It’s a mantra. Say it over and over again: Good books aren’t written, they’re edited. Good books aren’t written, they’re edited. Good books aren’t written, they’re (all together now) edited.
Confession: this post is mostly for myself. I’m in the middle of writing a first draft and all I can think is: “Hm. This isn’t as good as I’d like.” I’m not saying it’s terrible—I like the story or I wouldn’t be writing it down. But my writing feels forced. Is that a bad thing? Not necessarily. The first step towards resolution is admitting you have a problem. As to what to do about it…
That can’t be forced, either. Answers tend to come when you’re relaxed and imaginative. And since I’m in the middle of the first draft, I can’t focus on the big picture (one of the drawbacks of being a pantser, I presume). Right now, I have to work on these scenes individually, I have to get them down.

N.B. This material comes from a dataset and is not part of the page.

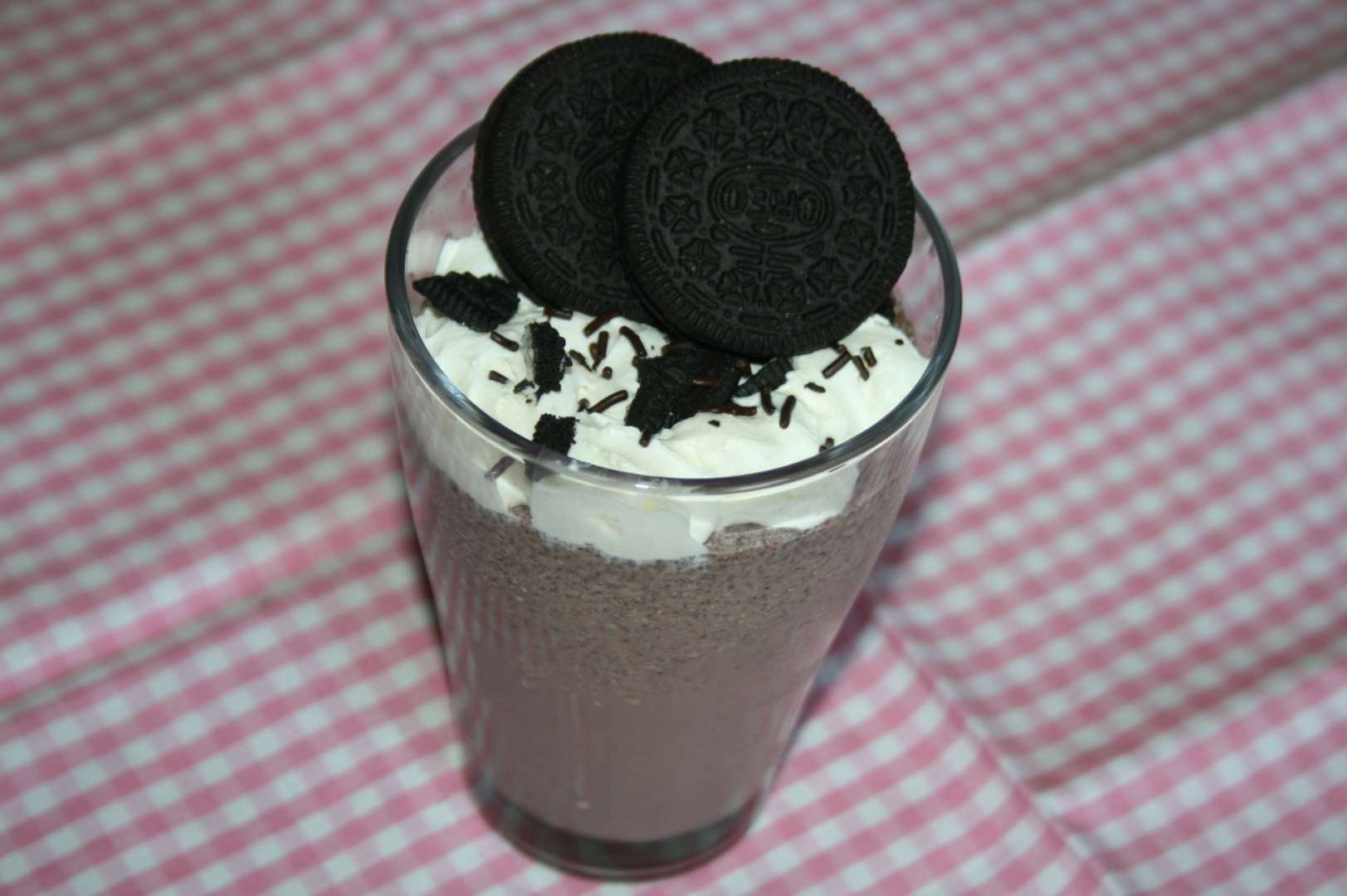 Una vez que tengas listo el batido de Oreo, viértelo en vasos de cristal y decora con la nata montada que tienes en la nevera. Forma una bonita decoración y para rematar, pon algunas galletas Oreo mini encima.

So, writers, remember to give yourself permission to skim (or skip) scenes, to focus only on dialogue and characters or to fudge the description because you just have to finish this chapter. It’s even okay to leave bad writing alone—for now. It’s not like it’s going anywhere. If it really bugs you, highlight it to come back to later (yes, I do that). There’s a reason editing takes longer than writing the actual book—there’s a lot more of it to do then there is actual novel. I’m not really sure why that is. It seems to contradict laws of nature. Anyway, the opportunity to correct each
wrong inapt improper word will come up. Everything has its moment.